Activity: Quote every line below exactly and skip any picture.

Available data:
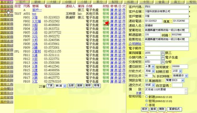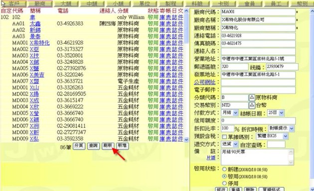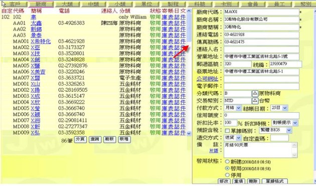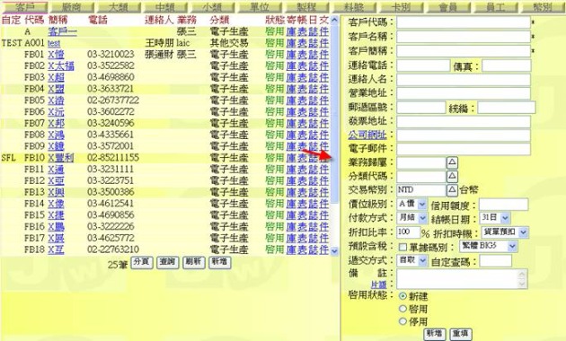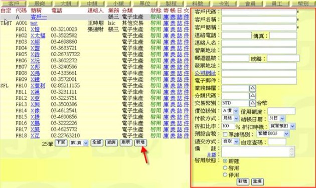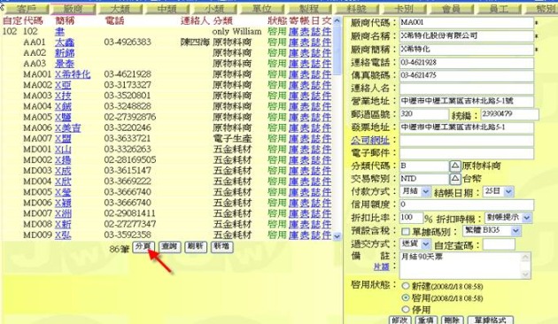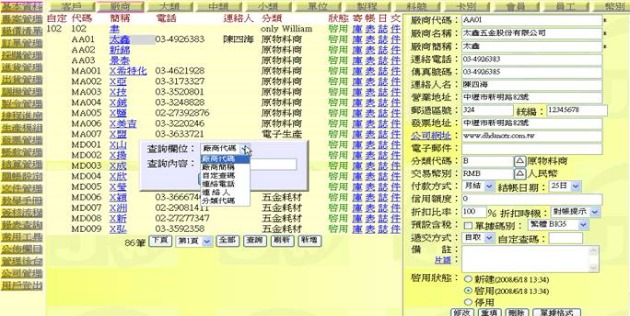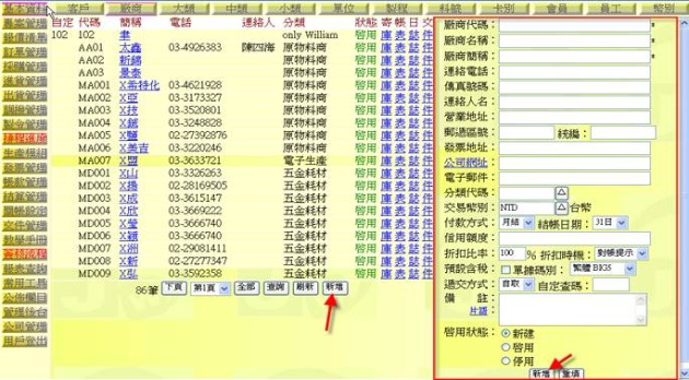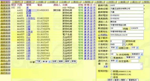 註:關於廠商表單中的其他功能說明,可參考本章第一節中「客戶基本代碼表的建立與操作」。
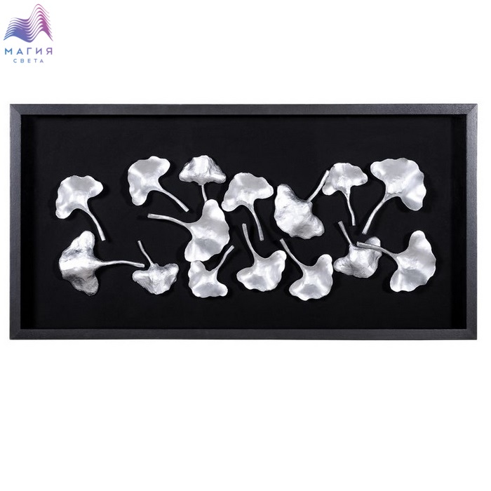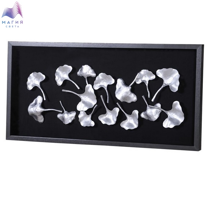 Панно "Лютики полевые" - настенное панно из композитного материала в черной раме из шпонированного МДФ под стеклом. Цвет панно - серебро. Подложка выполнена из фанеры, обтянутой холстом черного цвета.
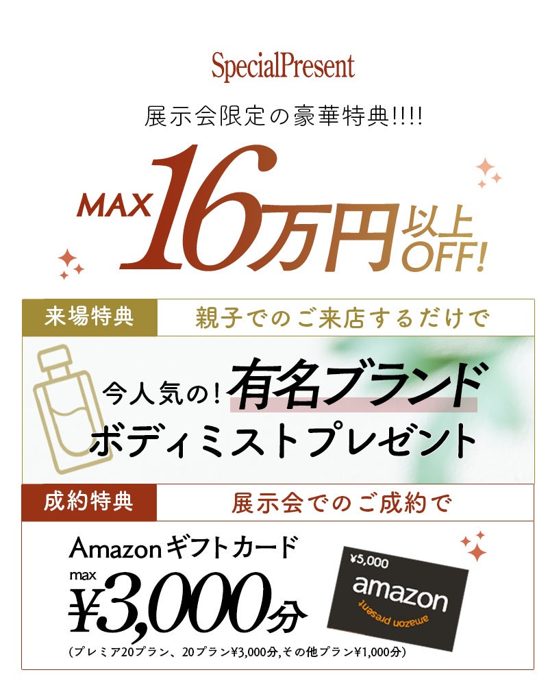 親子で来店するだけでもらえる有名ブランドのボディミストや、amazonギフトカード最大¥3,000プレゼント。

Task answer:
 註:關於廠商表單中的其他功能說明,可參考本章第一節中「客戶基本代碼表的建立與操作」。
 Панно "Лютики полевые" - настенное панно из композитного материала в черной раме из шпонированного МДФ под стеклом. Цвет панно - серебро. Подложка выполнена из фанеры, обтянутой холстом черного цвета.
 親子で来店するだけでもらえる有名ブランドのボディミストや、amazonギフトカード最大¥3,000プレゼント。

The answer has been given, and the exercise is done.